The Labor Day holiday weekend is finally upon us. If you’re a video gamer or a game developer, this means only one thing: Penny Arcade Expo (PAX) is happening in Seattle.

PAX has become the biggest trade show in North America for computer and video games. It draws tens of thousands of people for a weekend of game exhibitions, demos, panels, gaming tournaments, parties, and concerts—this year’s band lineup includes Jonathan Coulton, Freezepop, and MC Frontalot. The expo is billed as a festival of gaming technology and culture. (And for all my East Coast peeps, just a reminder: PAX is coming to Boston next spring, March 26-28, 2010.)

All the action starts today at the Washington State Convention & Trade Center in downtown Seattle. It is completely sold out, so if you don’t already have tickets, you are out of luck.

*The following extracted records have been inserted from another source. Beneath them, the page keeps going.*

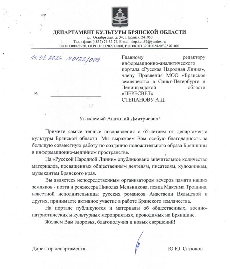 Для Брянского землячества «Русская Народная Линия» стала (помимо сайта землячества) основной информационной площадкой, где сообщается и о наших делах и о наиболее значимых общественно-культурных мероприятиях на Брянщине. За большую работу по созданию положительного имиджа нашей малой Родины Анатолий Дмитриевич неоднократно отмечался наградами Губернатора Брянской области, департамента культуры, правления землячества. Я не беру на себя смелость написать полный портрет моего друга и земляка. Думаю, этот портрет допишут его многочисленные соратники. Я коснулся только одной грани деятельности юбиляра и многочисленных талантов, которыми сполна наделил его Господь.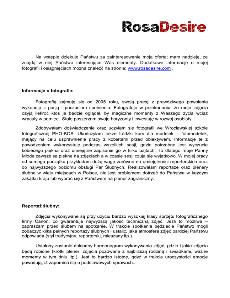 Na wstępię dziękuję Państwu za zainteresowanie moją ofertą; mam nadzieję, że znajdą w niej Państwo interesujące Was elementy. Dodatkowe informacje o mojej fotografii i osiągnięciach można znaleźć na stronie: www.rosadesire.com . Informacje o fotografie: Fotografią zajmuję się od 2005 roku, swoją pracę z prawdziwego powołania wykonuję z pasją i poczuciem spełnienia. Fotografuję w przekonaniu, że moje zdjęcia ożyją ilekroć ktoś je będzie oglądał, by magiczne momenty z Waszego życia wciąż wracały w pamięci. Stale poszerzam swoje horyzonty i inwestuję w rozwój osobisty. Zdobywałam doświadczenie oraz uczyłam się fotografii we Wrocławskiej szkole fotograficznej PHO-BOS. Ukończyłam także Łódzki kurs dla modelek – fotomodelek, mający na celu usprawnienie pracy z kobietami przed obiektywem. Informacje te z powodzeniem wykorzystuję podczas wszelkich sesji, gdzie potrzebne jest wyczucie kobiecego piękna oraz umiejętne zapisanie go w kilku bajtach. To dlatego moje Panny Młode zawsze są piękne na zdjęciach a w czasie sesji czują się wyjątkowo. W mojej pracy od samego początku przykładam dużą wagę zarówno do umiejętności reporterskich oraz do najwyższego poziomu obsługi Par Ślubnych. Realizowałam reportaże oraz plenery ślubne w wielu miejscach w Polsce, nie jest problemem dotrzeć do Państwa w każdym zakątku kraju lub wybrać się z Państwem na plener zagraniczny. Reportaż ślubny: Zdjęcia wykonywane są przy użyciu bardzo wysokiej klasy sprzętu fotograficznego firmy Canon, co gwarantuje najwyższą jakość techniczną zdjęć. Jeśli to możliwe – zapraszam przed ślubem na spotkanie. W trakcie spotkania będziecie Państwo mogli zobaczyć kilka pełnych reportaży ślubnych i ustalić, jaka atmosfera zdjęć bardziej Państwu odpowiada (styl tradycyjny, reporterski, mieszany itp.). Ustalony zostanie dokładny harmonogram wykonywania zdjęć, gdzie i jakie zdjęcia będą robione (krótki plener, zdjęcia pozowane z najbliższą rodziną i świadkami, ważne momenty w tym dniu itp.). Jest to bardzo istotne, gdyż w trakcie uroczystości emocje powodują, iż zapomina się o podstawowych sprawach... Album ślubny Moje Pary Młode w momencie podpisywania umowy dokonują wyboru koloru fotoalbumu. Wielkość albumów: 30cm x 45cm, karty są grube i sztywne, papier jedwabny. Zdjęcia są zawsze specjalnie i bardzo starannie przygotowywane, edytowane oraz retuszowane. Wytyczne co do kolorystyki zdjęć, edycji i retuszu ustalane są z Parą Młodych indywidualnie. W momencie wyboru naszego studio RosaDesire do obsługi fotograficznej tego ważnego dla Państwa wydarzenia – podpisywana jest umowa. Podczas rezerwowania oraz podpisywania umowy, wpłacana jest zaliczka w wysokości 30% wartości wybranego pakietu. Kolejne 30% opłacane jest na tydzień przed wykonaniem reportażu a ostatnie 40% do tygodnia po wykonanym reportażu. W przypadku, gdy Para nie może odebrać materiałów osobiście, studio RosaDesire wysyła materiały paczką priorytetową na koszt klienta. Pakiety zdjęć – ślub oraz plener w Polsce Standard 2500zł Komfort 3500zł w sumie 300 zdjęć w sumie 400 zdjęć obrobionych obrobionych 100 zdjęć wydrukowanych 100 zdjęć wydrukowanych 100 zdjęć wydrukowanych na papierze fotograficznym na papierze fotograficznym na papierze fotograficznym w formacie 15cm x 23cm w formacie 15cm x 23cm w formacie 15cm x 23cm 300 zdjęć 400 zdjęć ok. 1000 zdjęć na pendrivie na pendrivie na pendrivie reportaż: do 12 godzin reportaż: do 12 godzin reportaż: do 12 godzin max. do godz. 01:00 max. do godz. 01:00 max. do godz. 01:00 plener: tego samego dnia plener: 3 godziny innego dnia plener: 3 godziny innego dnia Pendrive oraz wydruki Pendrive oraz wydruki Pendrive oraz wydruki zapakowane w eleganckie zapakowane w eleganckie zapakowane w eleganckie pudełka z ekoskóry pudełka z ekoskóry pudełka z ekoskóry Premium 4500zł wszystkie zdjęcia, ok. 1000 (300 zdjęć obrobionych, reszta w formie naświetlonych jpg.) możliwość przedłużenia pracy fotografa w dniu ślubu; każda kolejna godzina to +150zł do ceny pakietu (w cenie 5 obrobionych zdjęć), nie dotyczy pakietu Premium koszt dojazdu: 1zł za kilometr termin realizacji: 10 tygodni każde dodatkowe wybrane i obrobione ujęcie ponad pakiet – 20zł, klient otrzymuje linki do zamkniętych galerii internetowych, w których ma dostęp do zdjęć z pełnego reportażu ślubnego. Możliwość dokupienia zdjęć reportażowych w formie plików cyfrowych (nie obrobionych) w cenie 5zł za zdjęcie, USŁUGI DODATKOWE Odbitki zdjęć Koszt odbitki w formacie 15cm x 23cm – 5zł Fotoalbum 20cm x 30cm, 30 stron Fotoalbum ze skóry ekologicznej, karty jedwabne usztywnione – 600zł Fotoalbum 30cm x 45cm, 30 stron Fotoalbum ze skóry ekologicznej, karty jedwabne usztywnione – 800zł Fotoalbumy dla rodziców 20cm x 30cm, 30 stron 2 fotoalbumy ze skóry ekologicznej, karty jedwabne usztywnione, ten sam projekt jak w albumie dużym dla Pary Młodej – 800zł. SAM PLENER W KRAJU LUB SAMA CEREMONIA W KOŚCIELE– cena: 1000zł 100 zdjęć wydrukowanych na papierze fotograficznym w formacie 15cm x 23cm 100 plików cyfrowych JPG nagranych w pełnej rozdzielczości na pendrive Pendrive oraz wydruki zapakowane w eleganckie pudełka z ekoskóry czas pracy fotografa: 3 godziny termin realizacji zlecenia: 4 tygodnie każde dodatkowe wybrane ujęcie ponad pakiet – 20zł klient otrzymuje linki do zamkniętych galerii internetowych, w których ma dostęp do zdjęć z pełnego reportażu ślubnego. Możliwość dokupienia zdjęć reportażowych w formie plików cyfrowych (nie obrobionych) w cenie 5zł za zdjęcie, PLENER ZA GRANICĄ – cena: 2000zł 200 zdjęć wydrukowanych na papierze fotograficznym w formacie 15cm x 23cm 200 plików cyfrowych JPG nagranych w pełnej rozdzielczości na pendrive Pendrive oraz wydruki zapakowane w eleganckie pudełka z ekoskóry cz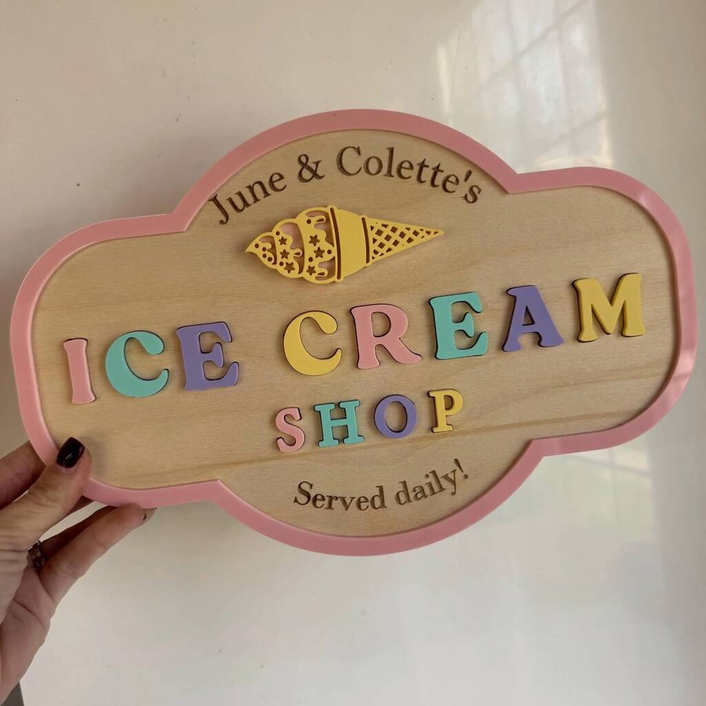 Make playtime extra sweet with this personalised kids ice cream shop sign the perfect addition to any pretend play space.Custom Wooden Ice Cream Shop Sign – Personalised Playroom & Pretend Play Décor for Kids!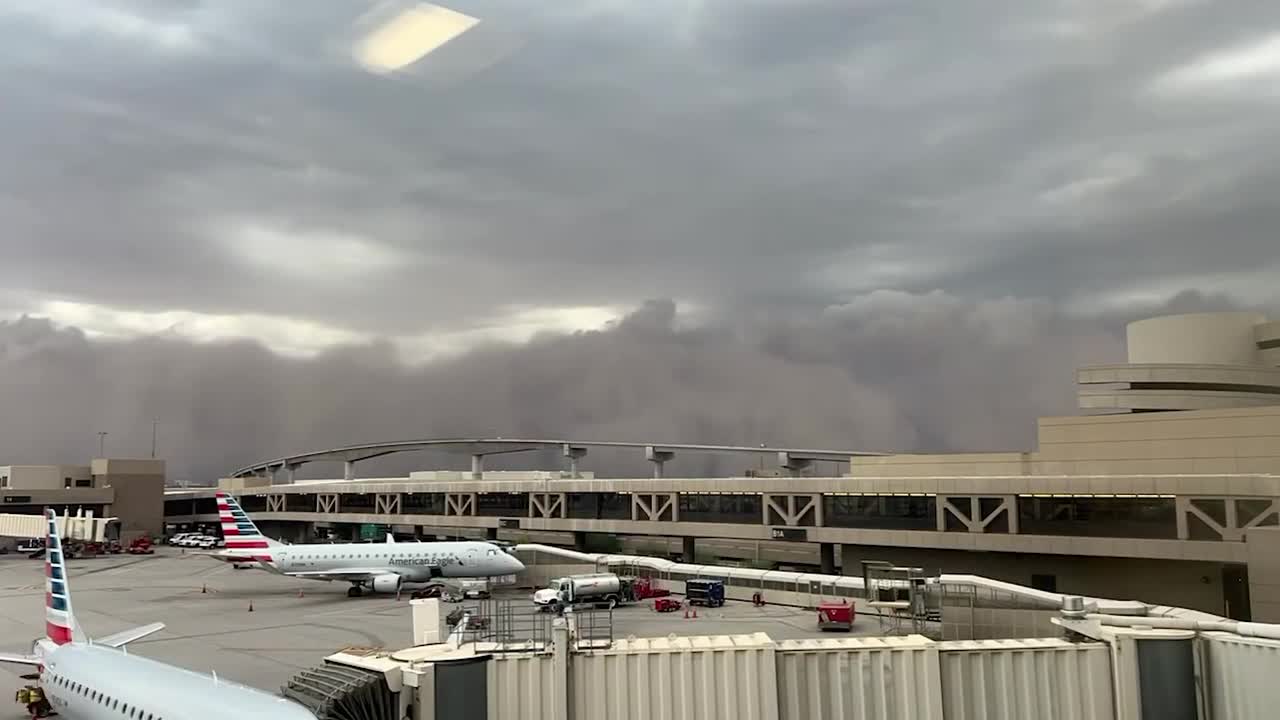Imposing dust storm sweeps through airport in Phoenix
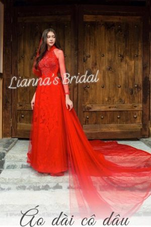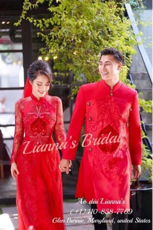 Cặp áo dài cưới thiế kế đỏ burgundy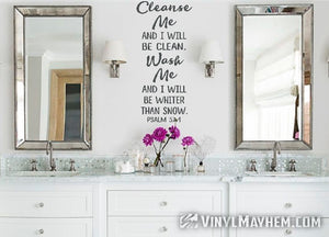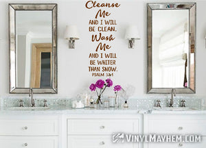 Add a touch of inspiration to your space with our Cleanse me and I will be clean, Wash me and I will be whiter than snow vinyl sticker. It offers a meaningful message that encourages renewal and purity, and will brighten your environment while reminding you of fresh starts every day.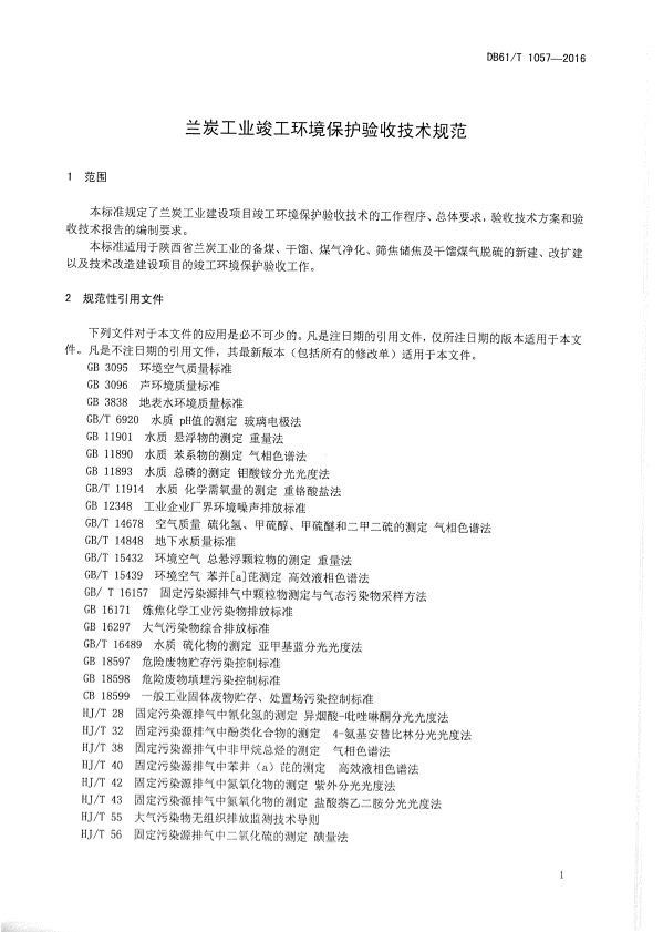 本标准规定了兰炭工业建设项目竣工环境保护验收技术的工作程序、总体要求,验收技术方案和验收技术报告的编制要求。 本标准适用于陕西省兰炭工业的备煤、干馏、煤气净化、筛焦储焦及干馏煤气脱硫的新建、改扩建以及技术改造建设项目的竣工环境保护验收工作。

Judging from the security at the event last year, you’d have only slightly less chance of breaking into Bill Gates’s house as crashing the PAX sessions.

If you do have an entry badge, though, here are my top 10 most interesting sessions to watch:

—How Can We Make Online Gaming Communities Suck Less? (Friday, 2:30 pm)
Attempts to answer the universal question, “why are we awesome in person and bastards online?” And explore what can be done about it.

—Prepare to Drop (Friday, 3:30 pm)
Join members of Kirkland, WA-based Bungie for an in-depth look at the soon to be released “Halo 3: ODST,” and discussions around the game’s development.

—Original Gangstas: Why Table-Top Gaming Still Packs Heat (Friday, 6:00 pm)
In a digital age, trading cards, miniatures, and traditional boardgames are holding their own at the kitchen table and increasingly on Xbox Live Arcade.

—Culture Wins in Game Marketing (Friday, 6:00pm)
How to market different types of games successfully. Includes representatives from Wizards of the Coast, Ubisoft, and other companies.